Best Aluminum Alloy to use

Best Aluminum Alloy to use

(OP)
In an automotive race application what aluminum alloy would you all recommend for the fabrication (CNC machining, mostly) of many of the various suspension and engine brackets on the car, such as those attaching the engine to the car (where the engine is a stressed member of the chassis), "rocker arms" whcih transfer load form the wheel, to the spring/shock combination, or those brackets attaching the suspension A-Arms to the chassis (they'll be relatevely small brackets, which will hold bolts in double shear throuh monoball bearings) and, especially, for uprights (the part at the wheel that the suspension attaches to) considering the type of loads, and relatevely low temperatures these parts see.

We had considered, and, have avaliable (most readily)

6061 T6
7075 T6
and 2024 T6

but were slightly worried about 7075 and especially 2024 being too brittle for some of the applications that will see "shock" loads, and lots of vibration.

Just wanted to get everyone's thoughts on this, cost is interestingly, not as issure, as we've just come into quite alot of various aluminum alloys quite cheaply (offcuts form an aircraft manufacturer)

Thanks.
Chuck Boulware

Chuck Boulware

RE: Best Aluminum Alloy to use

I vote for 7075T6 based on strength x elongation figures.

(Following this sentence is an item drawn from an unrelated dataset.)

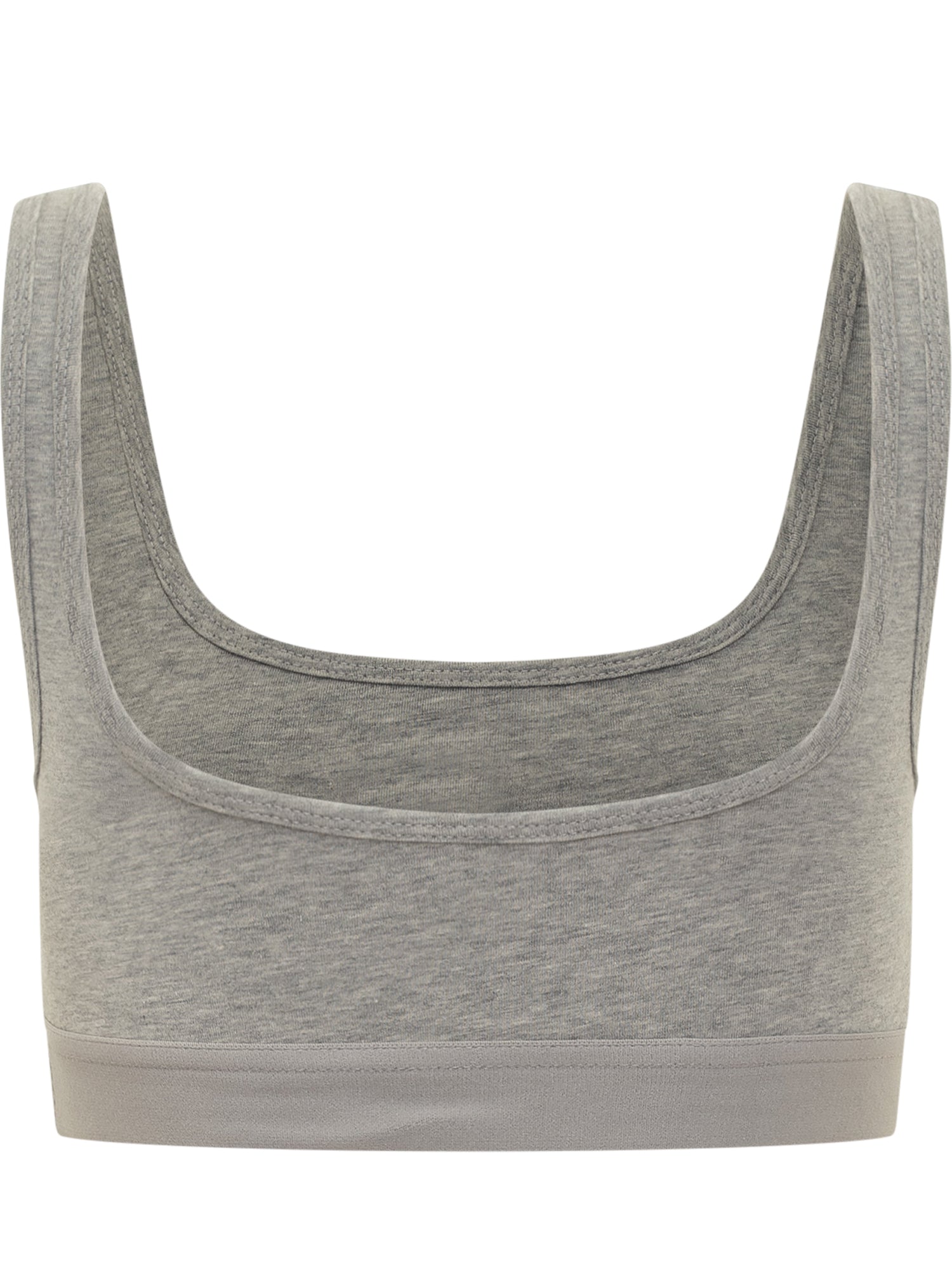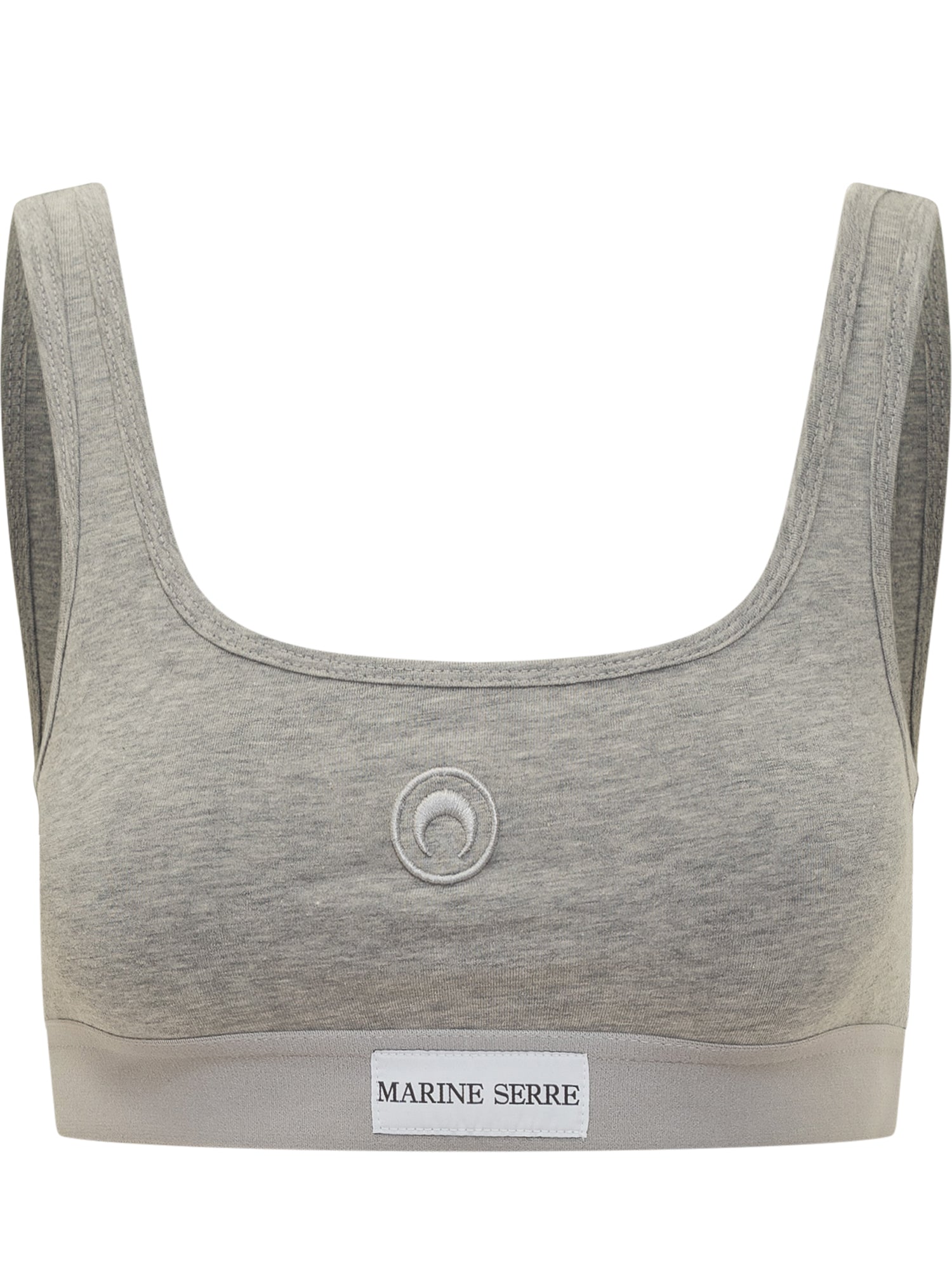 Reggiseno sportivo Marine Serre in cotone grigio, con fascia elastica e logo luna ricamato sul davanti.

This is the energy absorption potential of the material.
Results:
Matl     UTS x Elong
2024T6   690 ksi x % elong
6061T6   765
7075T6   913

RE: Best Aluminum Alloy to use

GTMule,

You use the words brittle and shock, yet neither are useful for engineering design.  You want components to withstand the mechanical environment to which they are exposed, and hopefully have minimum necessary mass.  This will require certain mechanical properties from the materials, such as: X minimum yield strength, Y minimum fracture toughness and Z maximum fatigue crack growth rate.  All three alloys listed possess some plastic strain capacity (fracture strain > 5% for all 3), so brittle doesn't apply to them.  "Shock" loading influences material strength and toughness, but should not be a significant factor for the applications you mention since the strain rate should be ~ 103 s-1 and aluminium alloys usually show little strain rate sensitivity.

Plasgears shows energy absorption potential for quasistatic loading and material with no flaws that will initiate fracture.  This is a good measure for your applications, and I agree that 7075-T6 would be a good choice.  If one were to include fracture-based design, the choices may change based on whether the design was in plane strain or plane stress.  Also, fatigue should be considered, although 7075-T6 would still be a good choice for this criterion.  Good luck.

RE: Best Aluminum Alloy to use

7075-T6 and 2024-T4 are not good candidates for hogouts (machined parts).  Not only do they suffer from stress corrosion cracking problems, but they pick up residual stress during the machining process and they'll warp.  6061-T6 is a good candidate, but is relatively weak in strength.  My favorite material to cut parts from is 7075-T73 which is an overaged temper of 7075-T6.  Good corrosion, properties and good machineability.  You can heat treat you T6 parts to the T73 condition with the appropriate ASTM spec.